One other take-away from Roger’s comments is that if you believe this will be a “never-ending global recession” you will be better off with commodities than stocks. Of course, I think they are both going down a lot more, but the fact is that the world will always need raw materials. Zinc ingots will always have a bid, but you can’t be express such certainty about GE common.

Fire Sales to come as Juniors go Bust

That is not to say commodity stocks will weather the storm — I suspect that many miners and exploration companies will go under in the next couple of years if they cannot finance themselves with cash flows (same goes for non-earners of all stripes, which is why the NASDAQ is toast). Just as JP Morgan picked up a nice brokerage when Bear Stearns went bust, BHP BIlliton and other big boys will salvage some fine properties as outside funding dries up for juniors. That may not be so long from now, as recent buyers of private placements are getting burned.

To get an idea of the pain being experienced, take a peak at GDX, a gold stock ETF laden with formerly high-flying juniors (I was fortunate to have some puts on this):

Click image for sharper view. Source: Yahoo! Finance

Be Extra-Choosy about Geography

I wouldn’t touch anything in Latin America or Africa anymore, as the political gangsters in those countries have even more disregard for property rights than those in North America, and in economic downturns the trend is toward more populism and theft. As foreign owners of properties cut back on expenses and can’t hire as many locals or spend on public projects like schools and roads (thereby legally greasing the palms of politicians with contractor businesses), those politicos may decide to use the courts and police to snatch up the properties for themselves. They will either mothball them or make a mess of them, but either way the equity holders will be left with bupkis.

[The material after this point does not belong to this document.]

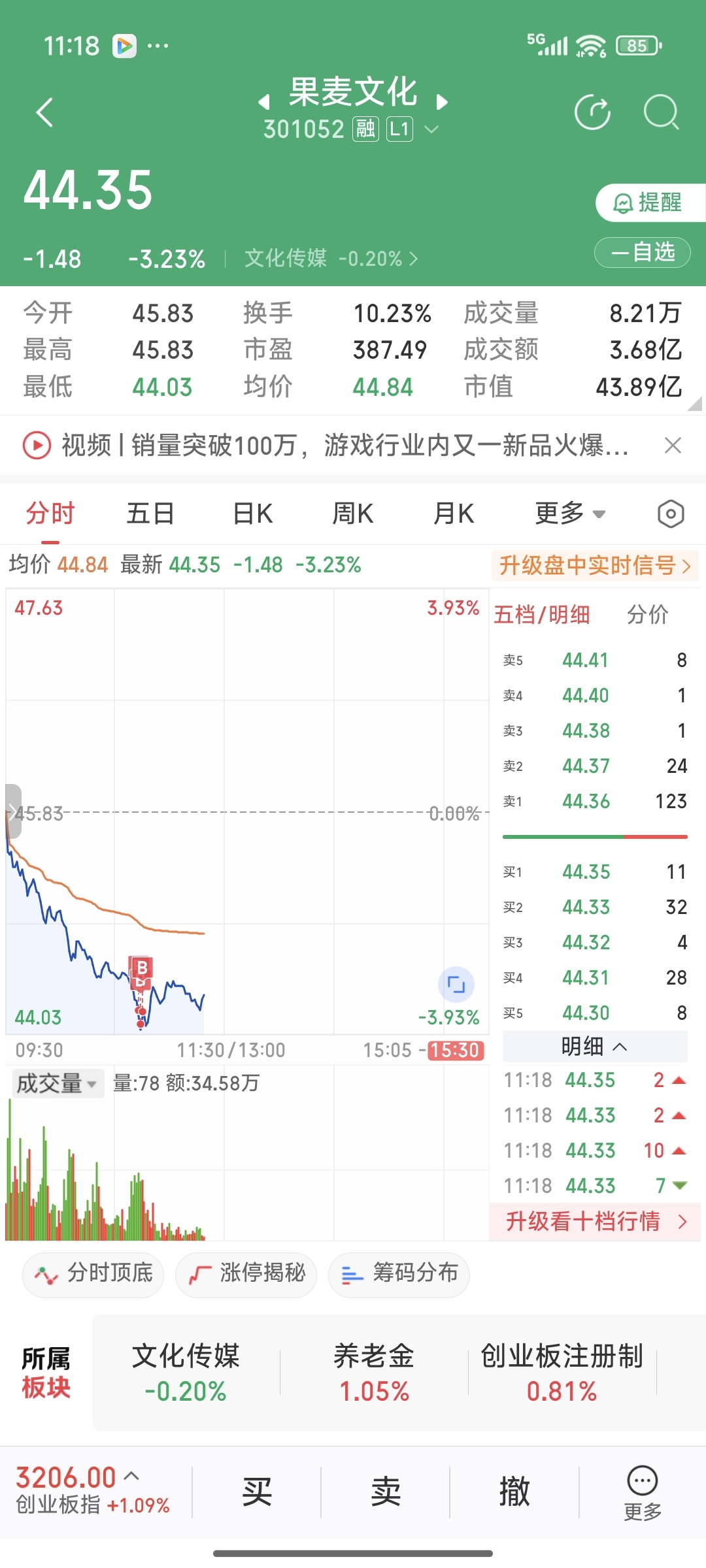 $果麦文化(SZ301052)$ 有啥怕的都不知道 拿一段时间随他 破40遇见机会再吃 随你

For the cautious, there will be some great buys in good jurisdictions (Australia and Canada should be ok), preferably of producing mines that can self-finance. That is, unless you are playing with bigger bucks and can buy whole exploration or development stage properties outright for pennies on the dollar compared their current owners’ market caps. Just mothball them and wait for the market to come back, which it should if China picks up humanity’s civilization project where the West left off.